Chen found that position was undermined by a 2020 draft risk evaluation and recommendations by the EPA’s Science Advisory Committee on Chemicals, both of which acknowledged a lack of data on how much asbestos consumers and workers are exposed to in the U.S.
The advisory committee found the EPA’s risk evaluation was not adequate or reliable, and it “specifically faulted EPA for relying on voluntary submissions instead of its authority to mandate reporting under [Toxic Substances Control Act],” Chen wrote in his ruling.
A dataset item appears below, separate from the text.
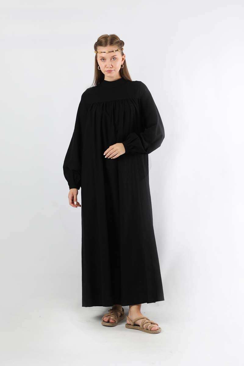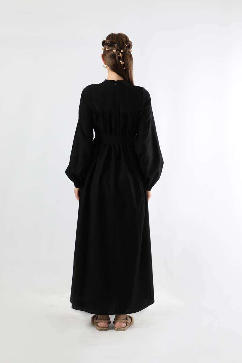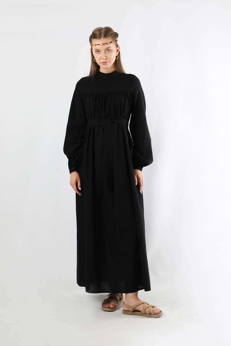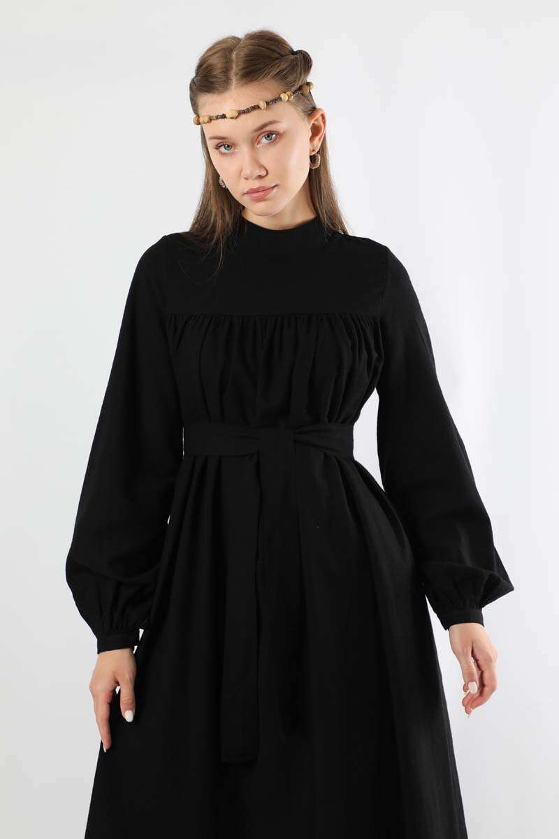 Kuşaklı Büzgülü Elbise Siyah. Dik yakalıdır. Roba detaylıdır ve robasından başlayan büzgü detayı mevcuttur. Balon kolludur. Manşeti büzgülüdür ve kaplama düğmelidir. Kuşaklıdır. Şık olan ürüne özel günlerinizde tercih edebilirsiniz.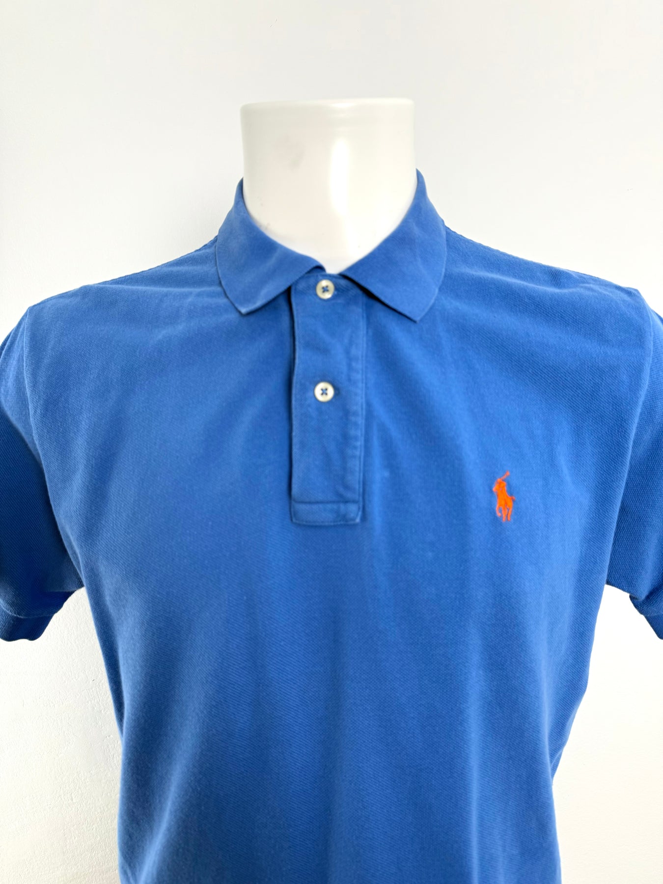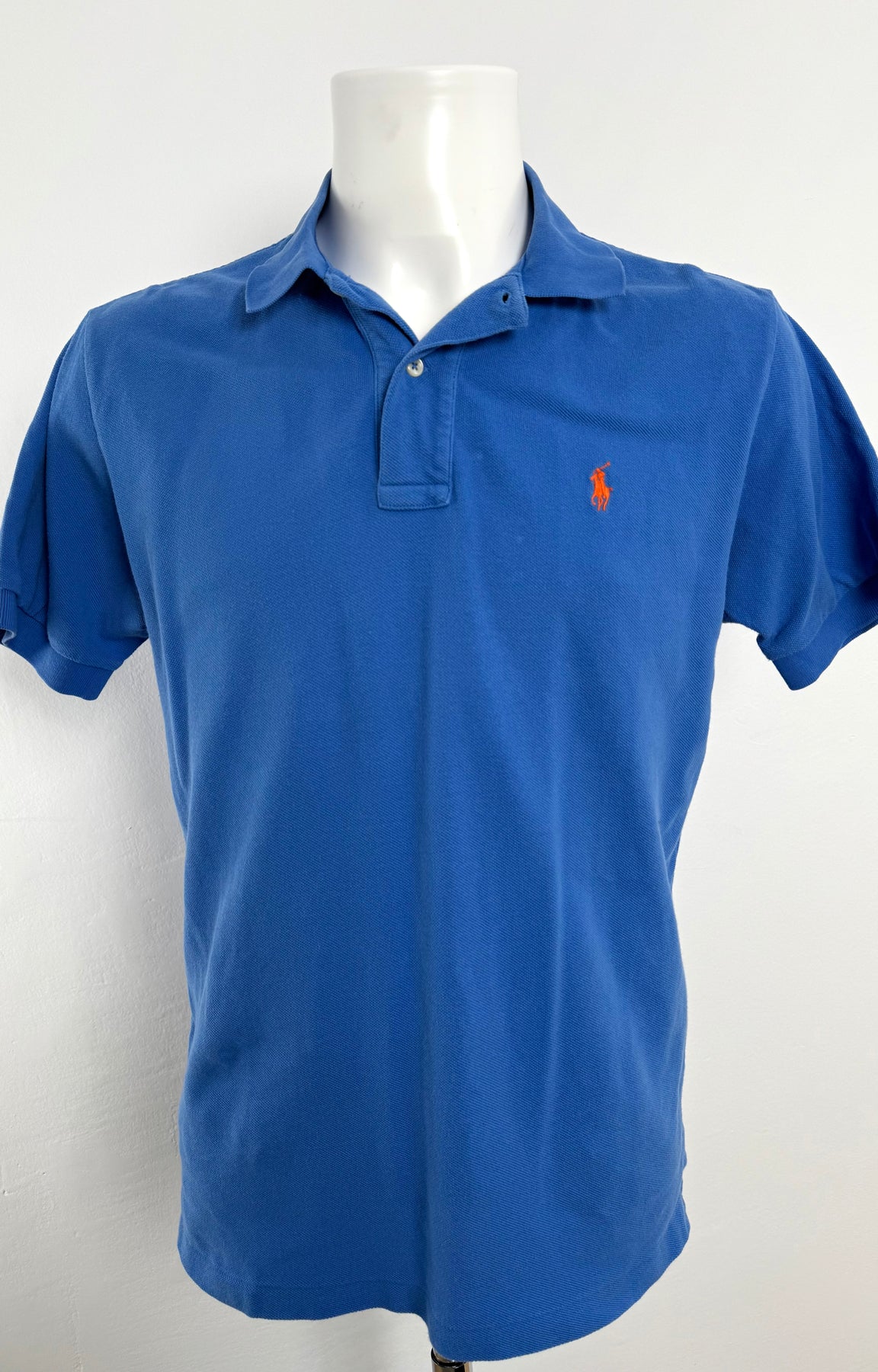 Polo de algodón Ralph Lauren color azul talla (M) en muy buen estado (prácticamente nuevo con pequeñas manchas poco visibles en la parte delantera, se ven más en las fotos que en la realidad por los focos de luz). Gran calidad de algodón, con todos los botones originales.

The EPA had argued the draft risk study and committee recommendations should not be considered because they were not relevant to the decision challenged in two lawsuits filed in 2019. The lawsuits — brought by 10 states, the District of Columbia and five public health advocacy groups — specifically challenged the agency’s January 2019 denial of a petition to close asbestos-reporting loopholes in the EPA’s Chemical Data Reporting (CDR) rule.
The loopholes exempted companies from reporting on asbestos that is “unintentionally present with another chemical substance” in products, not intended for removal or end-use separately from the product in which it is present, or on processing activities, such as repackaging asbestos-containing brake linings.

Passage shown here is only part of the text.